Правда, когда Дороти подняла с пола юбку, то обнаружила, что та представляет собой лишь сшитый рулон материи, который удобно надеть на бегемота, но неизвестно как — на женщину.
Поэтому Дороти оставила юбку в комнате, но воспользовалась блузкой и сандалиями, крепившимися двумя полосками кожи между большим и вторым пальцем ноги. Осторожно, стараясь не скрипеть, Дороти открыла затянутое бумагой окно. Выглянула наружу. Окно выходило на покатую черепичную крышу-козырек над первым этажом.
Улицу заполнил серый туман, и неизвестно было, насколько он глубок… Старику Дороти не верила — он мог продать ее обратно Регине.
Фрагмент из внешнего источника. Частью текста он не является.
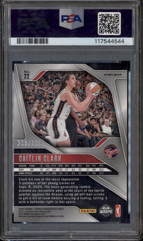 2024 Panini Prizm WNBA Red Prizm #22 Caitlin Clark RC /299 PSA 9

А почему бы и нет? Если ему хорошо заплатят, то можно угодить и в публичный дом где-нибудь в Китае, оттуда уже никогда не выйдешь живой. Так что лучше быть голодной, но свободной. Дороти улыбнулась собственным мыслям, осторожно подтянулась, переползла на подоконник и опустила ноги так, чтобы съехать с крыши ногами вперед. Она продолжала держаться руками за подоконник, потихоньку сползая на животе вниз, и готова уже была отпустить подоконник, чтобы попытаться удержаться на круто положенной черепице, как услышала стук двери над головой и удивленный возглас. Видно, шум встревожил охранника, и тот решил проверить, спит ли пленница.
Дороти поняла, что не может терять ни секунды. Она отпустила руки, съехала на животе вниз, секунду продержалась, цепляясь за водосток, и затем ухнула вниз, в туман, сжавшись, чтобы не разбиться.
Оказалось, что возле опиумокурильни стояла повозка, груженная арбузами, так что падение Дороти было недолгим. Ничего еще не поняв, она почувствовала, как ударилась о какие-то большие шары — воображение подсказало ей, что это человеческие головы, которые раздались и посыпались с повозки, а на них скатилась на землю и сама Дороти.
Проехав животом на арбузах, пока не врезалась в оставленный у стены лоток, Дороти скрылась в тумане, и лишь грохот, тянувшийся за ней, как хвост, указывал направление ее движения.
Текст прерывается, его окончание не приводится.